If the genotype for a number of offspring was available, there was a greater improvement in N_e by minimizing f_PM relative to the values reached with f_P, especially for small genomes (Table 1). These values, for combinations with a similar number of chromosomes and number of markers per chromosome, were in the range of those found by Toro et al. (1999) and Wang (2001). Therefore, results presented in this article are in agreement with those from previous studies, regarding long-term performance of strategies, although no test of significance can be made due to the lack of standard errors for N_e of the Toro et al. (1999) and Wang (2001) data.

When comparisons between management methods are made on the basis of levels of AD maintained in the population, conclusions are similar to those observed for GD (i.e., very good performance of pedigree-based strategies and little improvement from the inclusion of marker information, f_PM, except for small genomes when offspring genotype is available).
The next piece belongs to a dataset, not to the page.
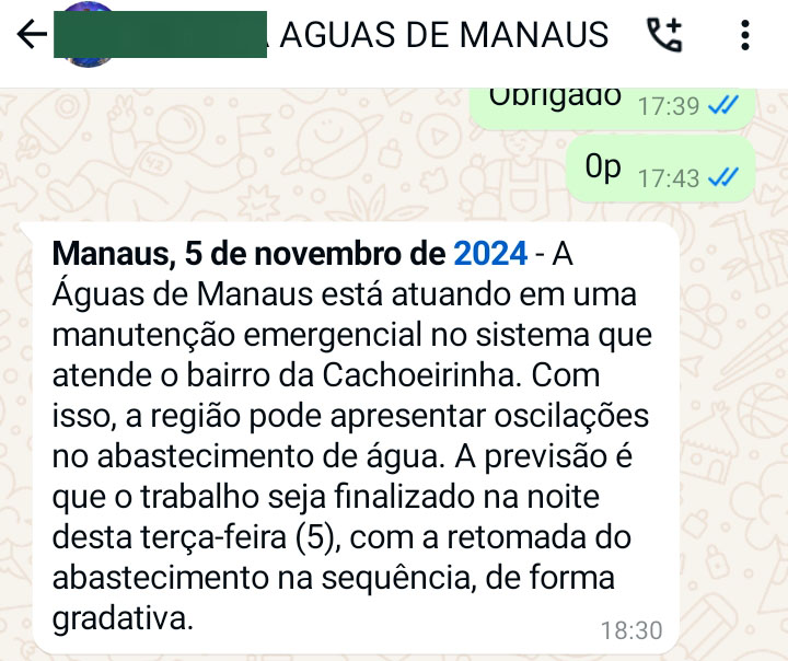 Acionada pelo whats app, a assessoria de imprensa da Águas de Manaus não esclareceu o novo corte no fornecimento da água até a publicação deste texto.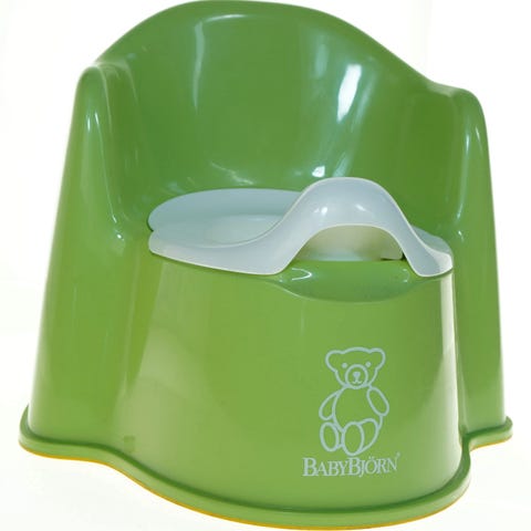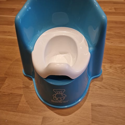 Babybjörn Barnepotte Set i plast. Settet består av en potte og et sete som kan plasseres på vanlig toalett for barn. Designet for å passe barn og gjøre toalettbesøk enklere og tryggere.

These results are in agreement with the work by Fernández et al. (2004), which showed that strategies directed to the maintenance of GD (minimization of weighted global coancestry) are also effective in the maintenance of AD.
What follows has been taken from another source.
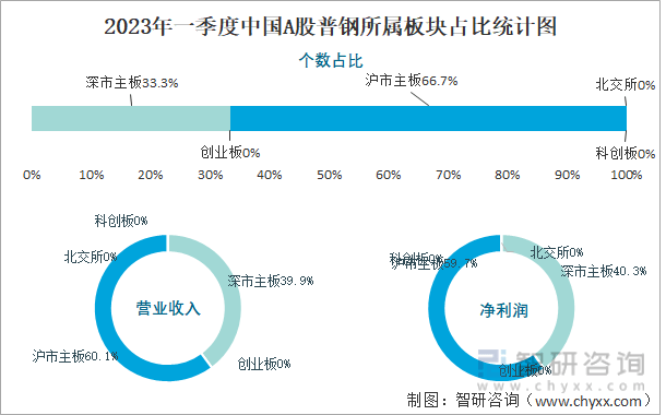 2023年一季度普钢24家上市公司以沪市主板企业数最多,占比66.7%,营收主力为沪市主板,沪市主板净利润占比最多;总营收累计为4511.66亿元,按2023年5月24日统计其上年同期营收减少了6.15%(统计时间有细微差异,24家企业上年一季度营收为4807.51亿元);累计归属母公司净利润为26.44亿元,8家企业净利润出现亏损,占比总企业数的33.33%。
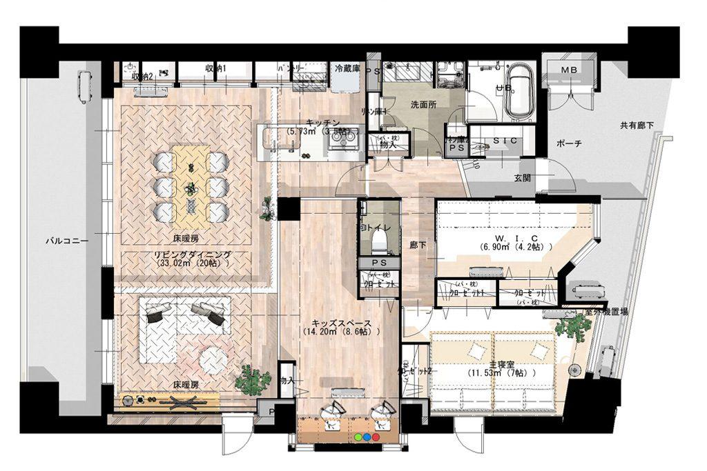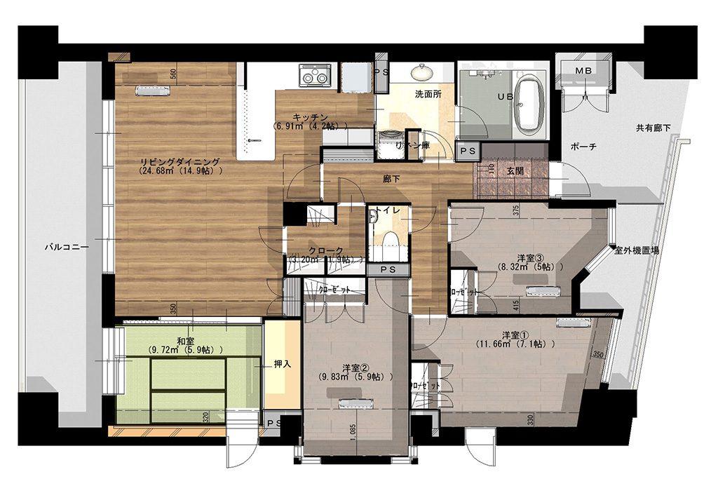 | 専有面積 | 98.3㎡ | 間取り | 4LDK以上→2LDK |

Marker information was also of relatively low value for optimizing matings among selected individuals to decrease inbreeding levels, at least for realistic scenarios. Previous studies (Fernández and Caballero 2001) have shown that, when using exclusively pedigree information for conservation purposes, the effect of the mating design on the inbreeding levels is minimal, once contributions have been optimized. In selection schemes (Sonesson and Meuwissen 2000, 2002) improvements can be larger, but it depends on the structure of the population, the selection pressure, and the restriction on inbreeding imposed. In the present study, when marker information was used separately or in combination with pedigree information, little improvements in F levels were obtained by managing the matings, which was not surprising since levels of inbreeding at generation 10 were very similar when optimizing contributions using f_P or f_PM and matings were at random. From a practical point of view, a comparison of interest is that between strategies that use f_PM to optimize both contributions and matings or to optimize only matings. With the former, slightly lower levels of inbreeding were generally obtained, but the costs involved in the program were higher since a larger number of individuals needed to be genotyped.
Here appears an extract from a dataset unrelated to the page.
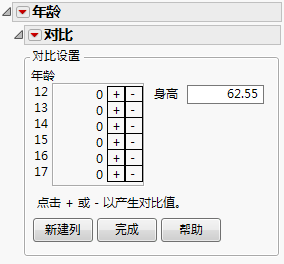 每次您点击 + 或 - 按钮时,对比系数都进行标准化,尽可能使其总和为 0 且其绝对值总和等于 2。要比较其他水平,请点击新建列按钮。随即显示一个新列,您可以在其中定义新对比。完成操作后,点击完成。“对比”报表随即显示(图 3.15)。总体检验是一个针对所有对比的联合 F 检验。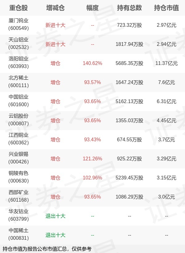 证券之星消息,1月21日万家基金旗下贺方舟管理的万家中证工业有色金属主题交易型开放式指数基金公布年报,近1年净值增长率116.52%。与上一季度相比,该基金前十大重仓股新增厦门钨业,天山铝业;并对洛阳钼业增仓3322.51万股,为该基金第一大重仓股;华友钴业,中国稀土等退出前十大重仓股;详细数据如下:

As a general conclusion, managers of a conservation program should be advised to critically evaluate the convenience of including molecular information into the management design, because the cost of molecular techniques is still high and markers will not be very abundant except for domestic species. The results from this study suggest that, for lowly prolific species and thus basing decisions only on breeders' data, it would be more efficient to use genealogical information in the management, if such information is available. Obviously, if we lack pedigree, it is better to use molecular information to manage the population than leave it unmanaged, except for very unrealistic scenarios. When more offspring than needed can be generated and genotyped, the advantage of using molecular information can be larger, especially when combined with genealogical data on a species with small genomes. However, in realistic situations (i.e., species with large genomes and a limited number of available markers), probably it would be more efficient to allocate the available resources to the enlargement of the population or to a better control of pedigree and restrict the use of markers to more specific tasks such as solving pedigree uncertainties. Notwithstanding, these considerations should be studied for each particular case.